# Wow Wow Wow!!



## Frogsong (Feb 26, 2011)

http://www.etsy.com/listing/91053128/knit-motorcycle-cozy-sculpture-by?ref=af_circ_favitem


----------



## rolyn63 (Jul 18, 2011)

I agree, OMGosh! Someone had alot of time on their hands, along with alot of yarn.


----------



## dmeade (Nov 18, 2011)

Ok, everybody has a different talent, I guess. Certainly an interesting piece of "art".


----------



## Clarebear (Apr 26, 2011)

Maybe I could do that to my car but I need it to get to work lol


----------



## kiwiannie (Jul 30, 2011)

Thats one fantastic motor bike if i was 40 years younger i would loved to have made that for my son,to much fiddly bits for the wornout hands these days.


----------



## Chadleyb (Feb 16, 2012)

I facebooked a picture of that for all of my motorcycle riding friends. I did NOT offer to knit one up for them, though!


----------



## It'sJustMe (Nov 27, 2011)

Simply delightful! Would love to see it on public display.


----------



## lolarskids (Feb 26, 2012)

my husband passed last year but he was always telling people that he was gonna get me some steel wool so i could knit him a car or a bike. i am so glad he's not here to see this ,i 'd be one busy knitter. love it


----------



## Leonora (Apr 22, 2011)

Amazing.


----------



## krankymax (Mar 5, 2012)

Interesting.


----------



## jumbleburt (Mar 10, 2011)

$13,000!! I admire the work, but I could certainly think of better things to do with that kind of money!
Jan


----------



## mak123 (Jan 24, 2012)

that was AWESOME1111 and I hate motorcycles (having been burned badly 40 years ago when my old stupid boyfriend dropped the bike and I was burned on the lower part of my leg. it's a pain you never forget) christine


----------



## lannieb (Apr 28, 2011)

very cool!


----------



## CamillaDesertMouse (Mar 19, 2011)

I agree Jan...
And I can appreciate art....just confuses me when others ..the needy need hats, scarfs, etc...JMHO



jumbleburt said:


> $13,000!! I admire the work, but I could certainly think of better things to do with that kind of money!
> Jan


----------



## MooseTracks (Jun 27, 2011)

Incredible!!!


----------



## JoanValJoan (Aug 12, 2011)

LOL....I just sent this Motorcycle cozy picture to my son and exclaimed "Hope I get your name in the Christmas Grab next year." He's probably dying right about now, as he knows what a knitting freak I am....


----------



## Chadleyb (Feb 16, 2012)

Now I have to make some kind of cozy for my friends Chad and Melissa's motorcycle.
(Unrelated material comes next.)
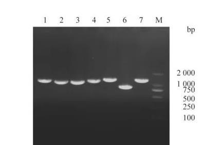 F5代rSVA分節(jié)段PCR擴(kuò)增結(jié)果(圖5)顯示,成功擴(kuò)增出預(yù)期大小的SVA全基因組序列的7個(gè)片段。經(jīng)測序鑒定,測序結(jié)果與親本毒株高度同源。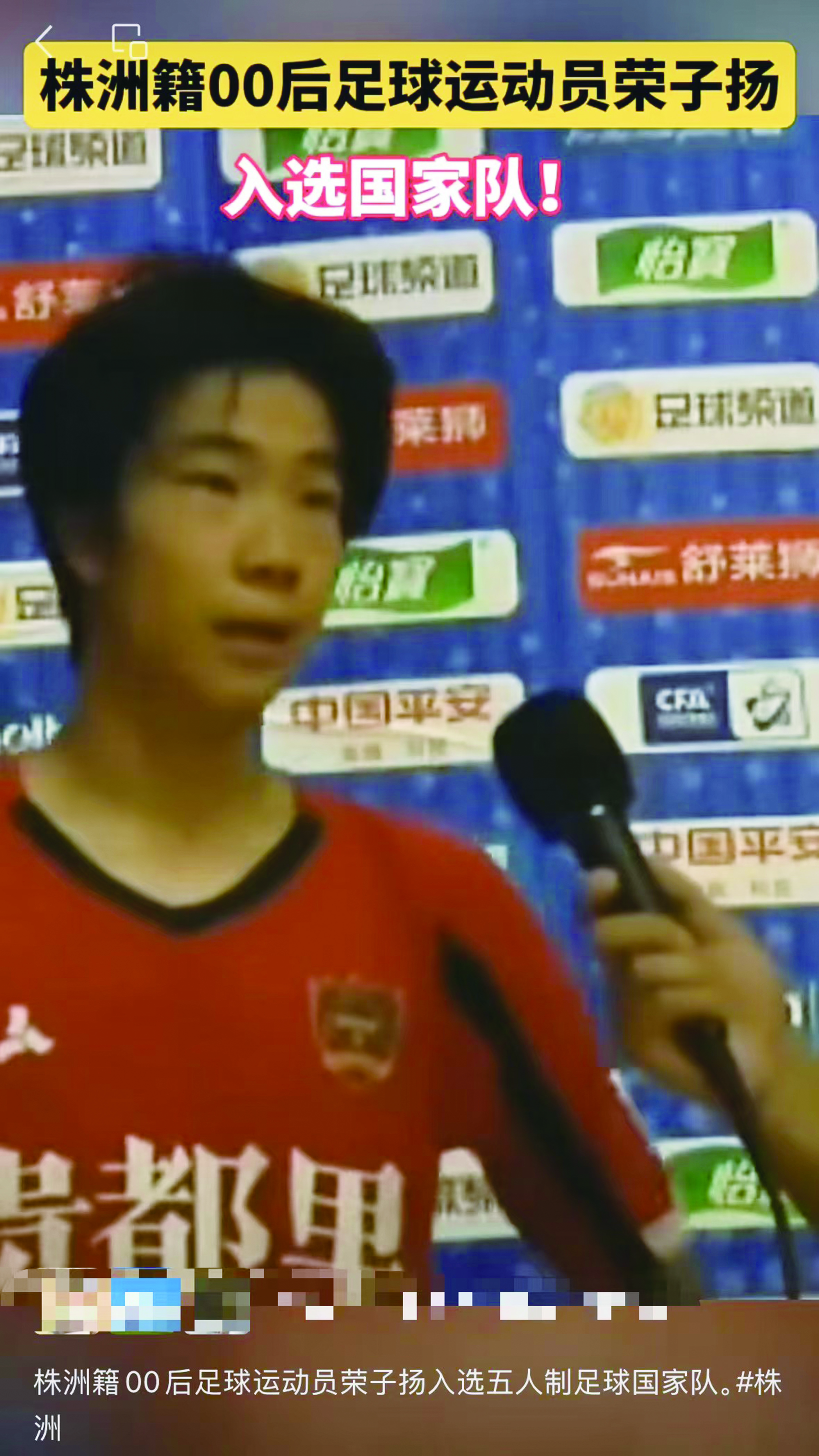 株洲籍足球运动员荣子扬,被中国五人制足球国家队征召,成为株洲首名入选国家队的足球运动员。

I'm thinking gas cap. I'm not going to cover the whole bike. What do y'all think? 

..Chad


----------



## AngelaChai (Dec 14, 2011)

Interesting'


----------



## loopingrope (Nov 18, 2011)

Bet no biker dude would be caught dead on this bike, at least none that I know. ROFLMFO loopingrope


----------



## deshka (Apr 6, 2011)

oh, no, it's ruined. I am an old biker woman, that is not a nice thing to do to a bike. It probably was a dead one tho.


----------



## deshka (Apr 6, 2011)

mak123 said:


> that was AWESOME1111 and I hate motorcycles (having been burned badly 40 years ago when my old stupid boyfriend dropped the bike and I was burned on the lower part of my leg. it's a pain you never forget) christine


Ah, road rash, all bikers get it at some point.


----------



## deshka (Apr 6, 2011)

CamillaInTheDesert said:


> I agree Jan...
> And I can appreciate art....just confuses me when others ..the needy need hats, scarfs, etc...JMHO
> 
> 
> ...


where is the 'like' button? all this tree limb and trunk covers, I think they could have knit several sweaters, hats, gloves, mittens. Anything useful rather than that stuff they call art.


----------



## Edith M (Aug 10, 2011)

I showed it to my DS and got "The Look". He already thinks I'm crazy. Edith M


----------



## tayana (Mar 13, 2012)

It is WOW,but what's the point?


----------



## dandylion (May 31, 2011)

Thanks, I had to repost this as well.


----------



## craftymatt2 (Sep 15, 2011)

WOW, never seen anything like it, its cute, but like the rest of you i can think of some others things to spend that kind of money on


----------



## poodlepad (Feb 1, 2011)

Frogsong said:


> http://www.etsy.com/listing/91053128/knit-motorcycle-cozy-sculpture-by?ref=af_circ_favitem


This motercycle is fantastic. My son would have appleplexie if I wanted to do that to one of his cycles. He dosent live in the state and I don't want to do it anyway. I thought it was a stuffed toy of some sort when I first saw it. It is really something.


----------



## daralene (Feb 27, 2012)

I appreciate knitting as art sculpture. Another creative level. Who knows, perhaps someday we will see it in an art museum. I saw felted objects at the art museum recently and they really made a statement.


----------